What needs to be done: Below this line are records; transcribe exactly the lines between the one holding "Кровать оборудована металлической" and the one holding "Clădirea cu fațadă", inclusive, and omit the pictures.

Provided data:
· · · ·

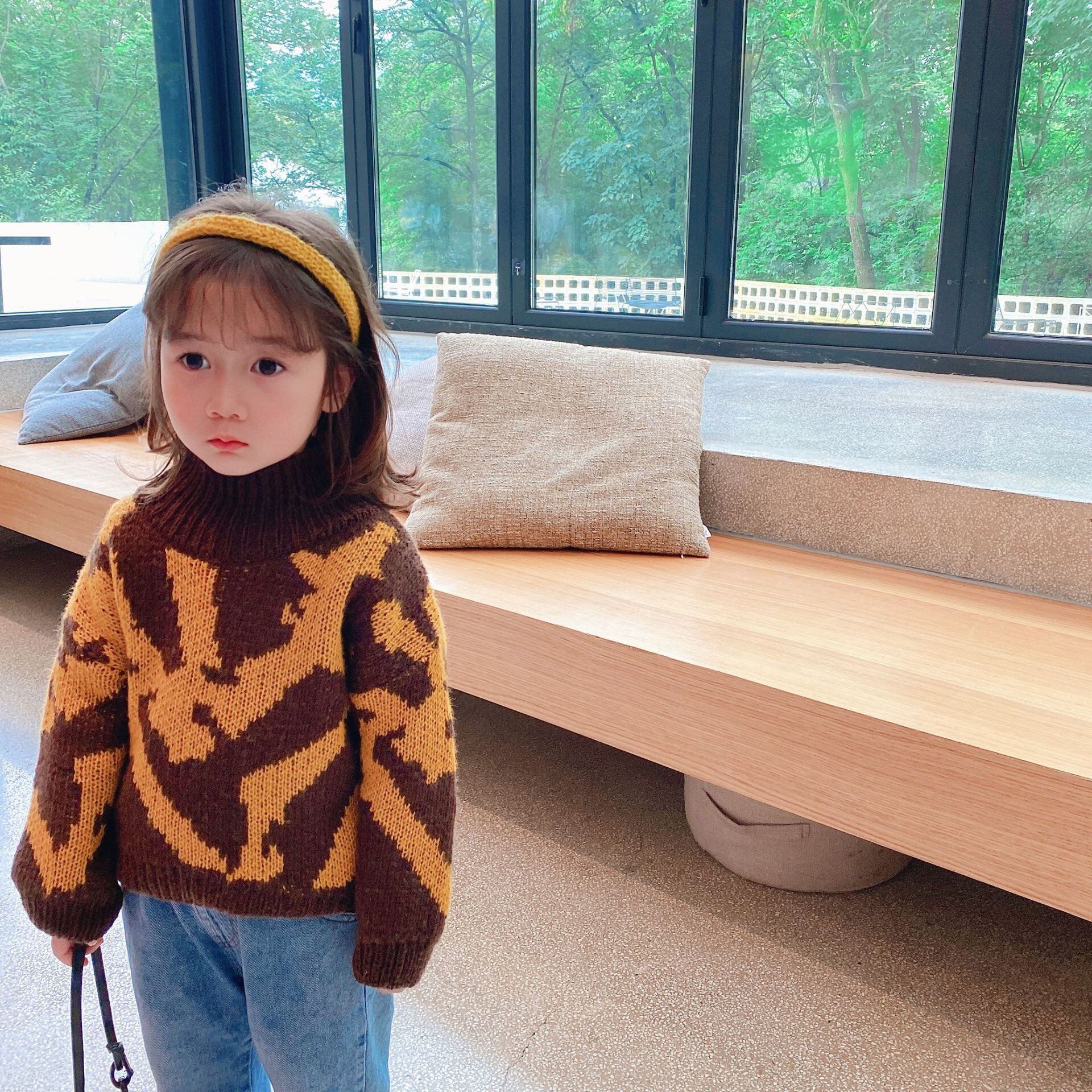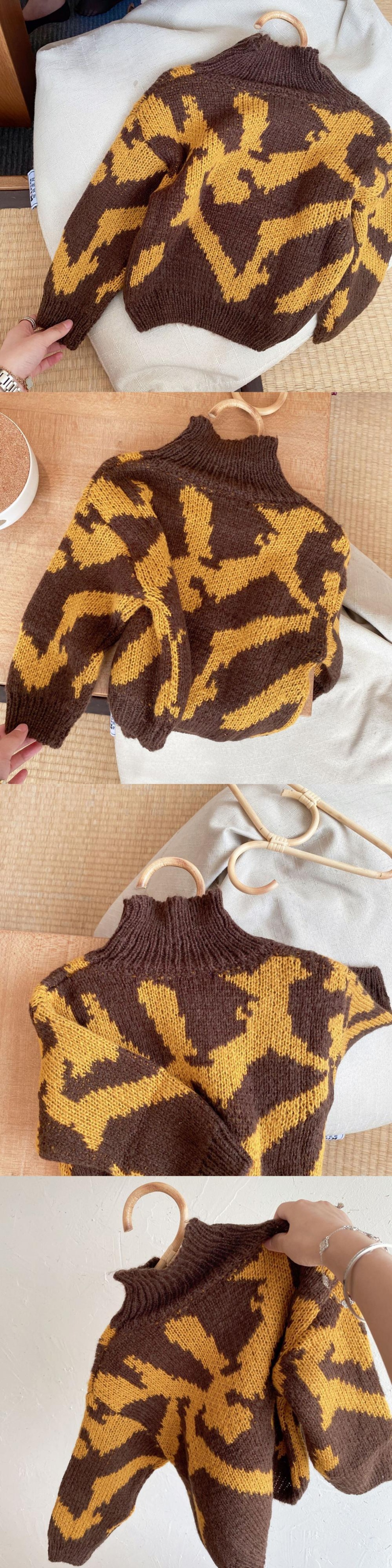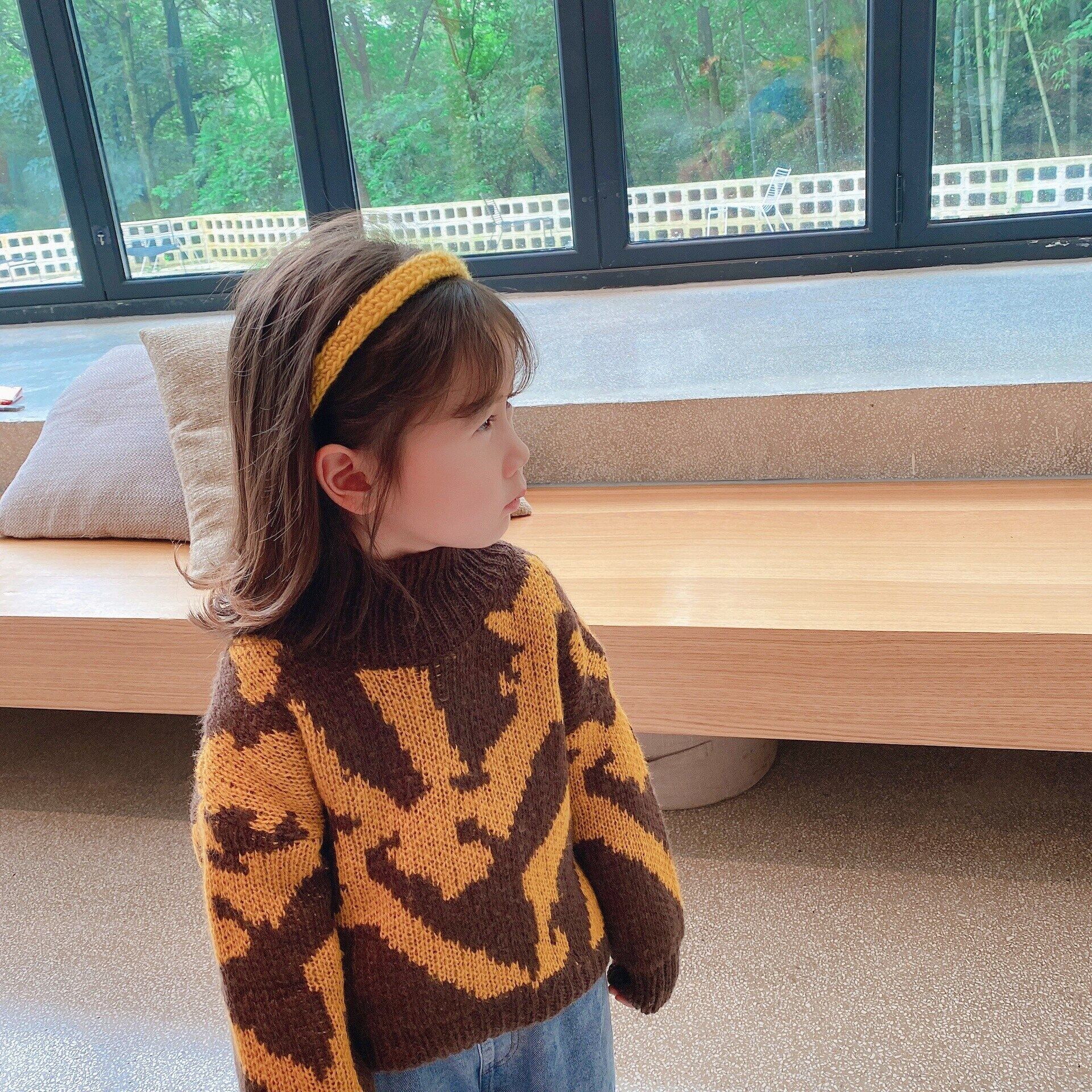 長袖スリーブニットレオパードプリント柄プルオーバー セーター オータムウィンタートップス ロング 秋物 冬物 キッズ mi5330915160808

· · · ·

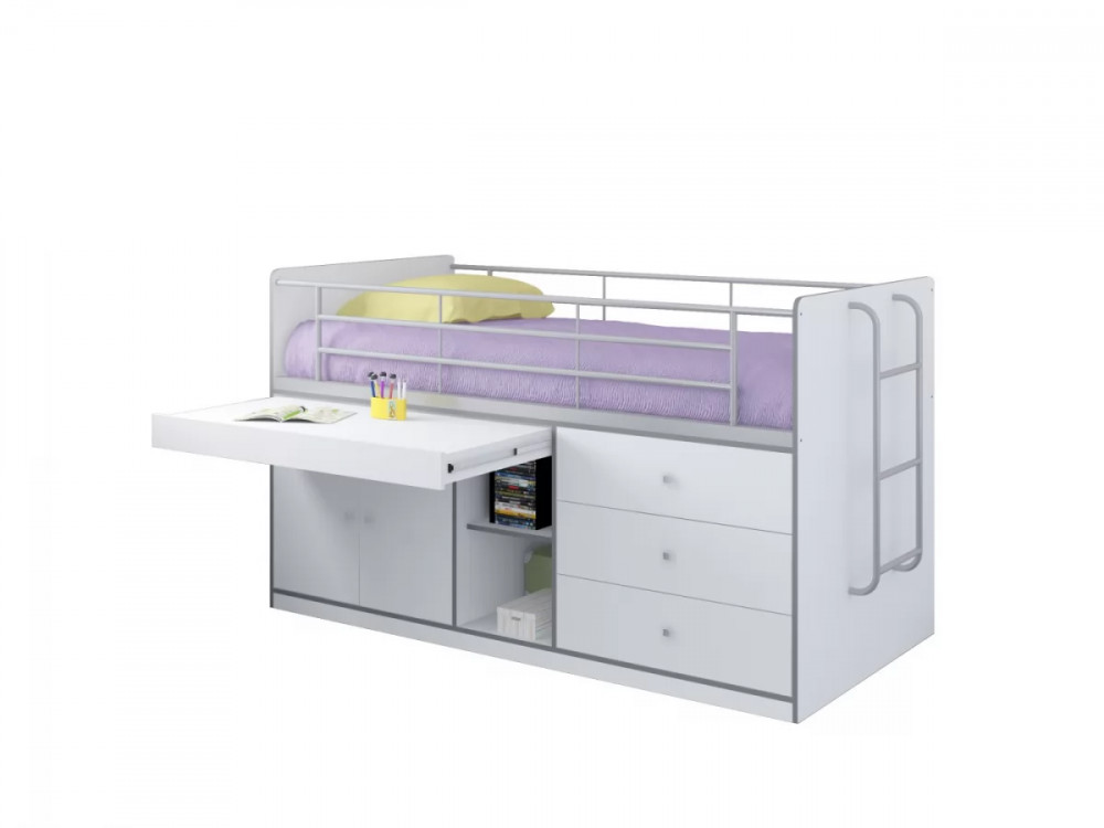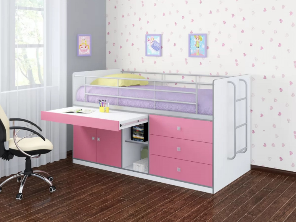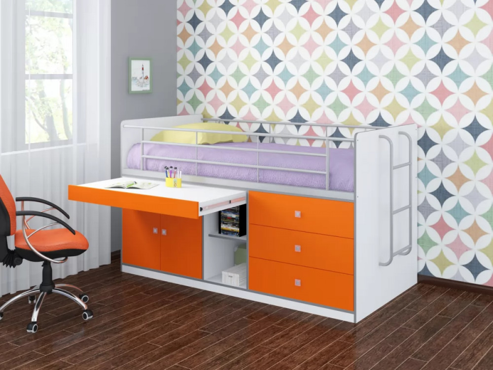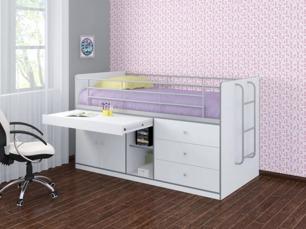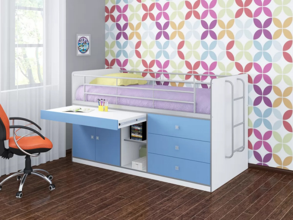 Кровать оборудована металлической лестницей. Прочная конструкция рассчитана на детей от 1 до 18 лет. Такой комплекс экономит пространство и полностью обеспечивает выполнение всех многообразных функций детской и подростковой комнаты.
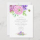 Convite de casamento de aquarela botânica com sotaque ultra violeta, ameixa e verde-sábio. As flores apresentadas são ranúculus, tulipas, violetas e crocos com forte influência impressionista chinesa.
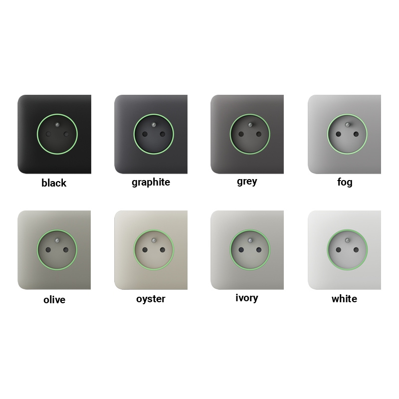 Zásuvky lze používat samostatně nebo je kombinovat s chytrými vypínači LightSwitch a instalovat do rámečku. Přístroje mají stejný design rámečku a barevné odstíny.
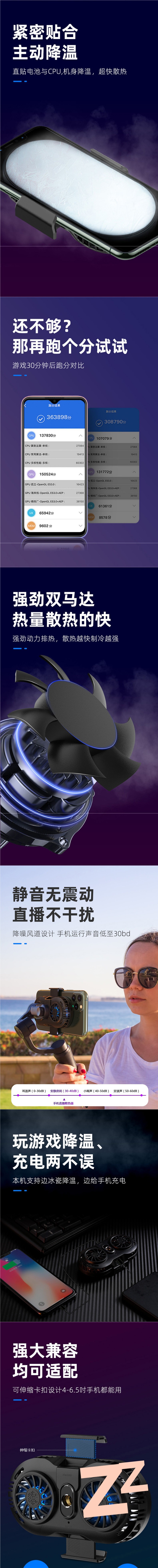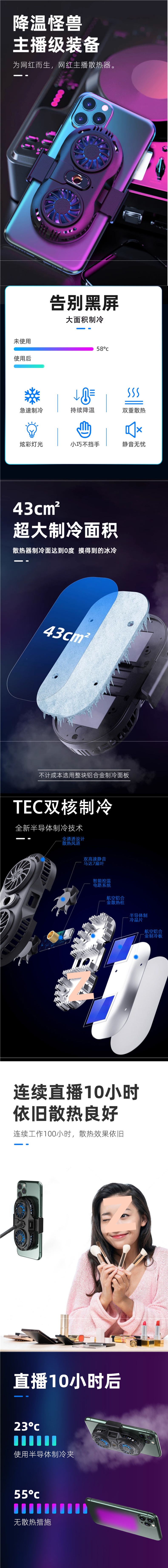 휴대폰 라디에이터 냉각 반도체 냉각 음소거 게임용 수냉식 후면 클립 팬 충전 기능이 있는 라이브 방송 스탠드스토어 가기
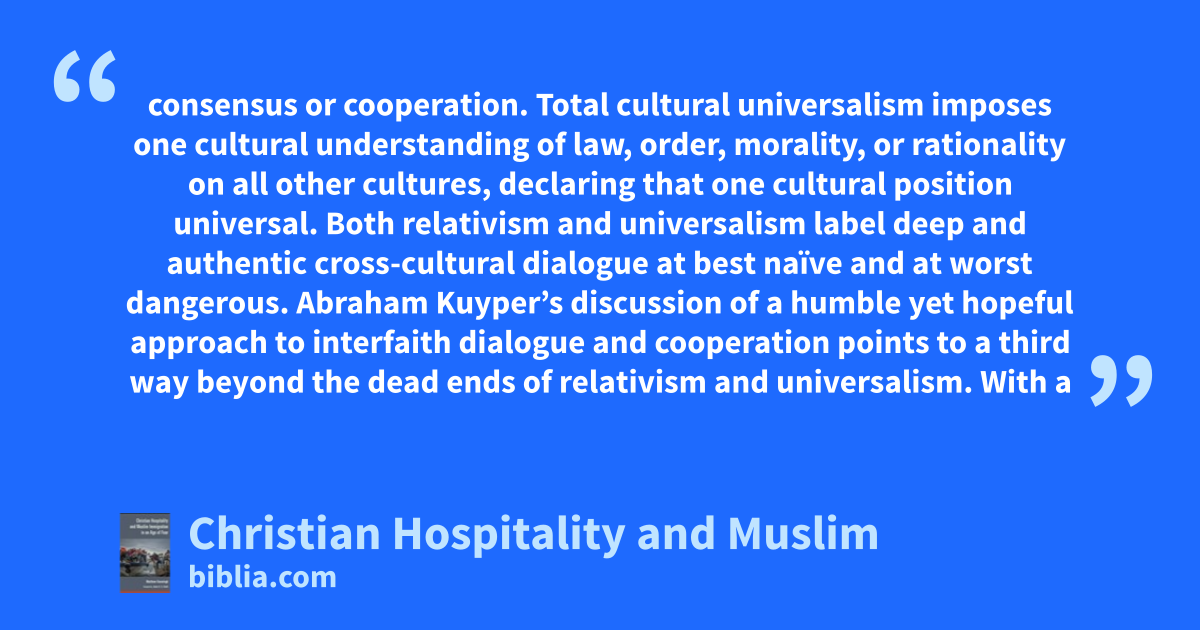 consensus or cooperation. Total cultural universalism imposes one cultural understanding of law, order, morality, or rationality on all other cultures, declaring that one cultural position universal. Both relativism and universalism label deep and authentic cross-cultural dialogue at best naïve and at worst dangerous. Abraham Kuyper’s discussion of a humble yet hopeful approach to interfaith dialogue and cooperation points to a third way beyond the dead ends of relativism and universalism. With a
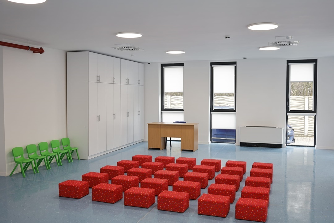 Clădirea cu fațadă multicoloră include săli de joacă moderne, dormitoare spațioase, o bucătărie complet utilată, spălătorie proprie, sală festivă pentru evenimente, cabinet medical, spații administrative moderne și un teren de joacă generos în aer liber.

· · · ·

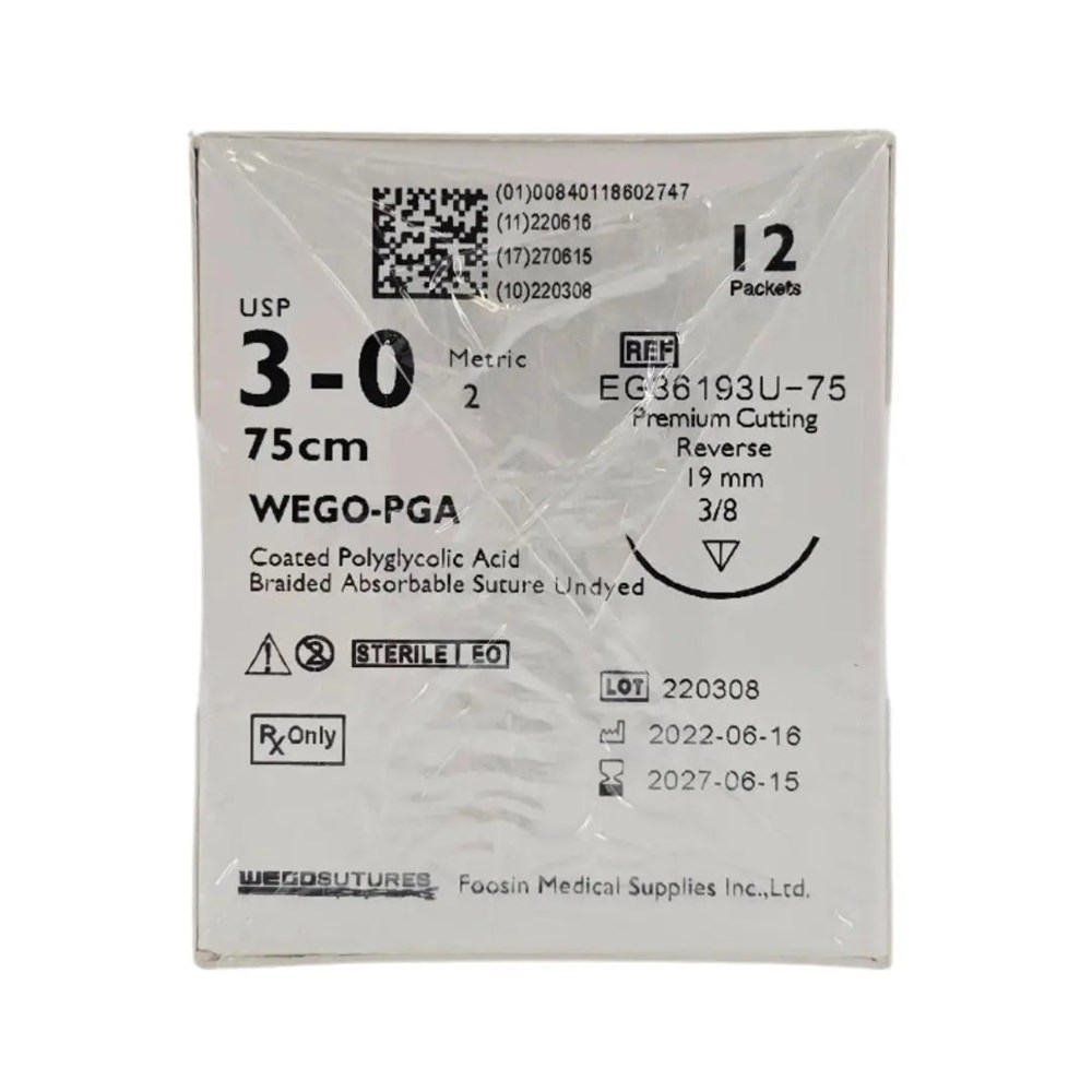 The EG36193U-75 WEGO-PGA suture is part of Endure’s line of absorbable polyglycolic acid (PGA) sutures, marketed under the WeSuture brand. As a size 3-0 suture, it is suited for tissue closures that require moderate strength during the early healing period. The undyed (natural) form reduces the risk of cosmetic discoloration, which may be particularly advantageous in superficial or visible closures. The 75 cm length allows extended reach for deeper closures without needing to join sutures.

· · · ·

Reply:
 Кровать оборудована металлической лестницей. Прочная конструкция рассчитана на детей от 1 до 18 лет. Такой комплекс экономит пространство и полностью обеспечивает выполнение всех многообразных функций детской и подростковой комнаты.
 Convite de casamento de aquarela botânica com sotaque ultra violeta, ameixa e verde-sábio. As flores apresentadas são ranúculus, tulipas, violetas e crocos com forte influência impressionista chinesa.
 Zásuvky lze používat samostatně nebo je kombinovat s chytrými vypínači LightSwitch a instalovat do rámečku. Přístroje mají stejný design rámečku a barevné odstíny.
 휴대폰 라디에이터 냉각 반도체 냉각 음소거 게임용 수냉식 후면 클립 팬 충전 기능이 있는 라이브 방송 스탠드스토어 가기
 consensus or cooperation. Total cultural universalism imposes one cultural understanding of law, order, morality, or rationality on all other cultures, declaring that one cultural position universal. Both relativism and universalism label deep and authentic cross-cultural dialogue at best naïve and at worst dangerous. Abraham Kuyper’s discussion of a humble yet hopeful approach to interfaith dialogue and cooperation points to a third way beyond the dead ends of relativism and universalism. With a
 Clădirea cu fațadă multicoloră include săli de joacă moderne, dormitoare spațioase, o bucătărie complet utilată, spălătorie proprie, sală festivă pentru evenimente, cabinet medical, spații administrative moderne și un teren de joacă generos în aer liber.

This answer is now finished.